Яниэр преклонил колени и низко опустил голову, приготовившись. Элирий припомнил, что в прежней жизни частенько пользовался ресурсами учеников, беззастенчиво заимствуя духовную энергию. В те дни ни у кого у них не было выбора: неразличимая глазом печать контроля Запертого Солнца не позволяла сопротивляться. А у Второго ученика, вдобавок, на горле горело клеймо, которое тот не имел права прятать, — символ низкого статуса раба, не дававший забывать о нем ни на мгновение.

Теперь же Яниэр предлагал разделить с ним силы добровольно, без принуждения, и отчего-то это неожиданное искреннее предложение растревожило сердце и наполнило его трогательным ощущением тепла.

— Со мной все в порядке, — тем не менее упрямо повторил Красный Феникс, не обращая внимания на слабость и на то, как предательская спальная комната начинает медленно вращаться вокруг него, грозя близким обмороком. — Я не нуждаюсь ни в чьей помощи.

— Конечно, мессир, — покладисто согласился Яниэр, не сдвинувшись с места. — Я совершил грубую ошибку. Наместник небожителей не нуждается в помощи недостойного смертного.

Меж тем слабость накатывала.

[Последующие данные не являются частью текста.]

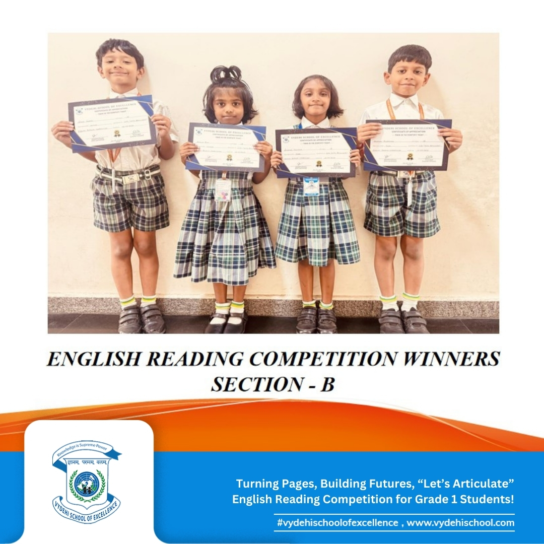 β¨ Turning Pages, Building Futures, βLetβs Articulateβ English Reading Competition at Vydehi School of Excellence!π

Элирию вспомнилось мерзкое ощущение беспомощности, которое сопровождало его в Бенну в первые дни после возрождения. Тогда он едва мог ходить. Опираясь на плечо Шеаты, раз за разом он старался удлинить доступную ему дистанцию хотя бы на несколько шагов. Повторения мучительного опыта не хотелось.

Лениво шевельнув кончиками пальцев, Совершенный возложил ладонь на почтительно склоненную голову Яниэра: тот замер и, кажется, даже перестал дышать. Красный Феникс облизал губы — он явственно почувствовал, как течет по чужим меридианам духовная энергия — течет прохладной водой, которой так хотелось напиться. Словно бы он блуждал по бесплодной пустыне вот уже много дней, изнемогая от невыносимой жажды… Не будет вреда, если он припадет к источнику и сделает один глоток. Эта чистая горная река глубока и полноводна, ее хватит с лихвой для них обоих.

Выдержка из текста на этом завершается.